Anyways. He did nerve conduction in all 4 limbs, and the needle EMG he did all 4 limbs, several spots each, as well as various spots on my trunk and neck. He did it so thoroughly because, he said, the elevated CK could be due to something that is pretty localized so he wanted to check everywhere to make sure. Afterwards, he told me that I ABSOLUTELY DO NOT have ALS. That isn't something under consideration. All the nerves in my whole body are perfect.
After this though, I couldn't stop googling, despite being pretty reassured. Then, I got to some stories about people whose bulbar onset ALS was somehow missed on their EMGs.
When I get extremely anxious, nearing panic attack, I have a habit of clenching my jaw very hard and also pressing my tongue against the roof of my mouth super hard. I had been doing this for more than 24 hours leading up to the EMG. The day after the EMG, I woke up, tongue sore as can be. I then started inspecting it to make sure I didn't have some kind of tongue symptoms that I should be worried about.
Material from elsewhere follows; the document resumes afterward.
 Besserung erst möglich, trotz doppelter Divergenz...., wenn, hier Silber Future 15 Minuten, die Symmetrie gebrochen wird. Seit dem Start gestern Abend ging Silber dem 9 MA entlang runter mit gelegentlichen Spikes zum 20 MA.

Since that point, I've been hyperaware of my tongue. It doesn't feel like it is ever sitting in the right place in my mouth, and I can't stop thinking about it. The part that is really messing with me, though, is that I feel like I'm not saying my words right, but I have asked 10+ people several times each, and everyone says I am talking EXACTLY the same as I always do.
I have about as strong a confirmation that I DO NOT have ALS as I can get, but I just keep moving on from symptom to symptom that I'm SURE is all chalked up to anxiety.
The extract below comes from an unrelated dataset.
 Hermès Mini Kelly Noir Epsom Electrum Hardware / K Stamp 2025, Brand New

My psychologist is definitely helping me with stopping the trend of moving on to symptom to symptom and having my anxiety make it real, but I don't know what to do right now.
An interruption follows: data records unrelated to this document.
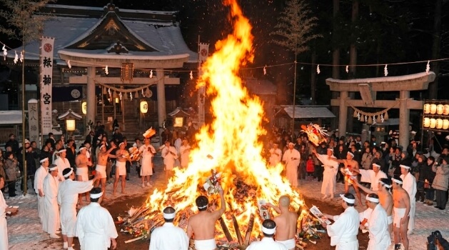 松焚祭の炎(御神火)には、正月飾りを焼いて神を送り出すとともに、一年の厄を払い、新たな息吹を得るという意味が込められている。
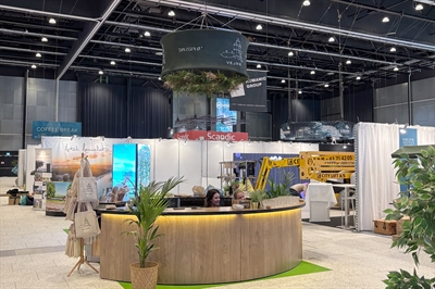 Wird in einer schwarzen Tragetasche geliefert, die den Transport und die Aufbewahrung erleichtert. Perfekt für die Verwendung auf Messen, Ausstellungen und Events.
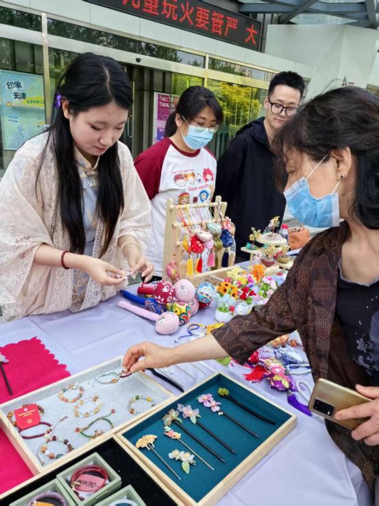 “中國旅游日”期間,應津南區文化和旅游局、天津市文化館邀請,基礎教學部(體育部)帶領數學文化社、熙華古服飾社團的學生,參加津南區“津彩南望?美好旅程”主題活動。學生們自發擔任文化講解員,向參觀人員普及非遺知識,成為一道亮麗的“文化風景線”。在2025年天津市文化館服務宣傳周活動上,我院學子帶來的個性展品展現了年輕一代的創意力量,吸引市民駐足體驗。

Does anyone else ever get hyperaware of their tongue like this? Did it cause problems speaking (whether real or in your head?) How did you stop?
Also, my tongue quivers a LOT when I hold it in this really specific position. Anyone else who has excessively examined their tongues due to ALS fears or something similar, did you ever find your tongue to quiver A LOT, almost to the point of looking similar to actual ALS patients tongue fasciculations, if you held it in a certain position? My tongue doesn't do anything at rest, and is relatively still when sticking it all the way out, so I know that it isn't actually fasciculations, but I still don't like seeing the way it quivers. Part of my fixation on my tongue is that since I know I am moving it in weird spots in my mouth, I sit there imagining it quivering looking crazy like it does in that spot, and it makes the problem worse.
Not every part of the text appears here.